For those who aren’t on the course (really… you should), here’s how Dave organizes things:

lib/myapp.ex - API and just API. It will have the genserver message sends. This is the only module that a user of the app ever imports;
lib/myapp/the_business_logic.ex - Just the business logic.
lib/myapp/myapp_server.ex - Just the genserver implementation which should mostly just forward stuff to the business logic.

I really like this style, as genservers are often not nice to test but in this style they are so obviously correct that testing them is either simple or unnecessary. Lifting the Single Responsibility Principle to the module level just makes for way nicer code, and from my Smalltalk days I still tend to fear the time when a scrollbar appears because your code is too long ;-).

Am I the only person not-Dave-Thomas that really digs this style, is going to adopt it, and thinks that the core team should seriously think of adapting/promoting it? Clean code trumps pretty much everything…

cmkarlsson · May 14, 2018, 1:42am

Yes, I like this layout. I haven’t done/seen the course though so I am speaking without the full context.

This is the only thing I am questioning. From my experience the layout Dave suggests is a common way to layout code in erlang.

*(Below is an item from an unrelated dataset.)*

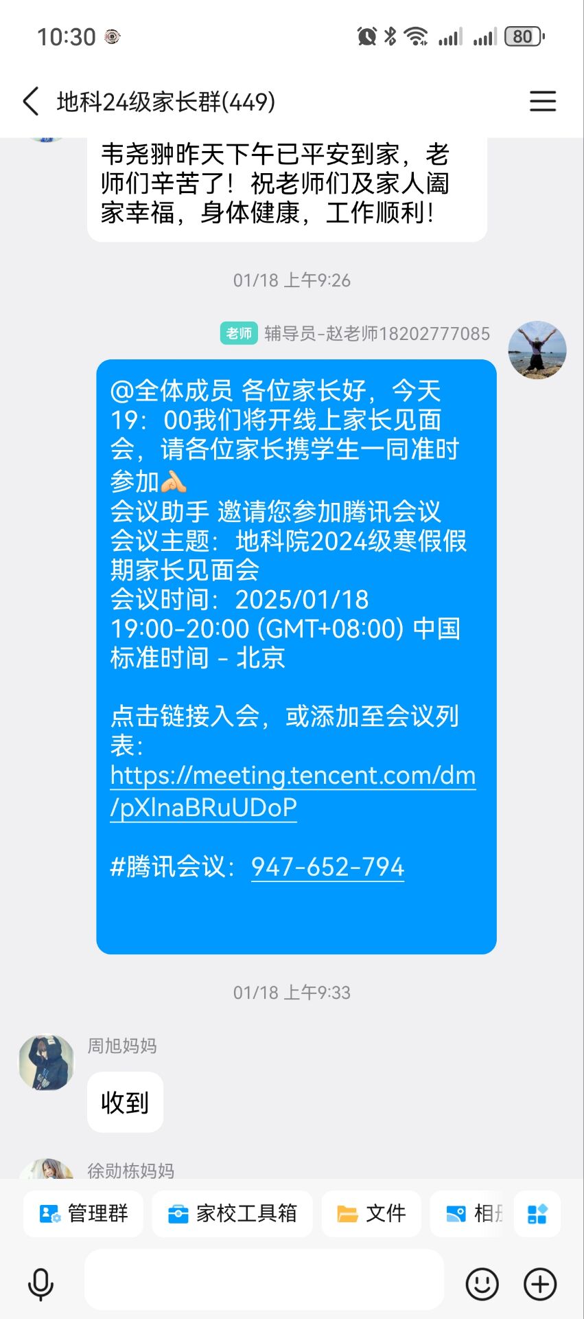 于1月18日晚7点,24级本科生辅导员赵娥老师通过腾讯会议的形式,组织召开了2024年秋季学期未线上家长会。会议围绕上学期工作总结、假期安全提示与新学期展望三个方面展开,重点强调了“家校协同育人”的重要性。

My standard layout in erlang (which I have seen in multiple erlang projects as well, I probably took it or was inspired by Erlang and OTP in action) is:

src/myapp.erl - Includes the API. For smaller projects this is the only module used and all others are internal implementation detail. All access to the application is done though here.
src/myapp_some_server.erl - Gen server implementation. Should usually be thin and only handle messages.
src/myapp_whatever.erl - To support business logic and other things. These modules are generally referential transparent to help with testing, robustness. Often doesn’t have any API guarantees between versions as they are internal to the application.

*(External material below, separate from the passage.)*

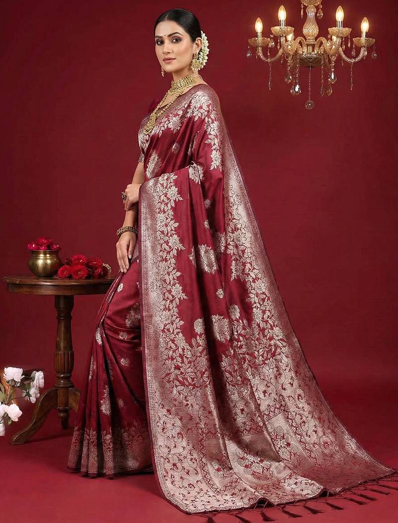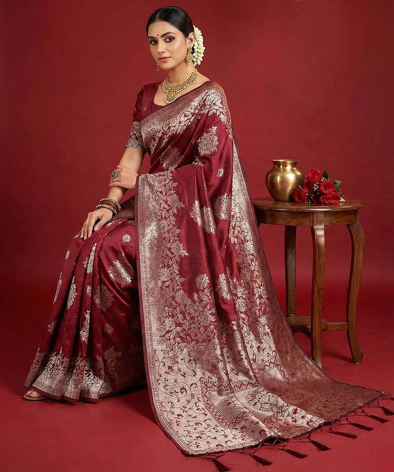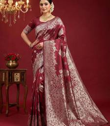 Maroon silk blend woven saree with blouse

Yes, but as with everything there is a trade-off. With large and complex applications even following the single responsibility principle will give you large modules which may be hard to grok at a quick glance and require plenty of domain knowledge to understand.

bmitch · May 14, 2018, 4:08am

I’m new to the Elixir world and just finished @pragdave’s course. But I really like the way he laid out the structure and in my limited Elixir experience, his way just seems to make a lot of sense.

Mostly because it separates the concerns and think it would make testing easier.

So no, you are not the only one

StefanHoutzager · May 14, 2018, 5:17am

Robert Virding mailed sometime ago on this list that he is not a fan of Dave Thomas’ idea of splitting API functions and server functions. See Elixir Blog Posts. I for me am not convinced by Thomas’ reasoning, I don’t find his idea interesting. I still want to look at https://github.com/sasa1977/exactor to simplify genserver implementations.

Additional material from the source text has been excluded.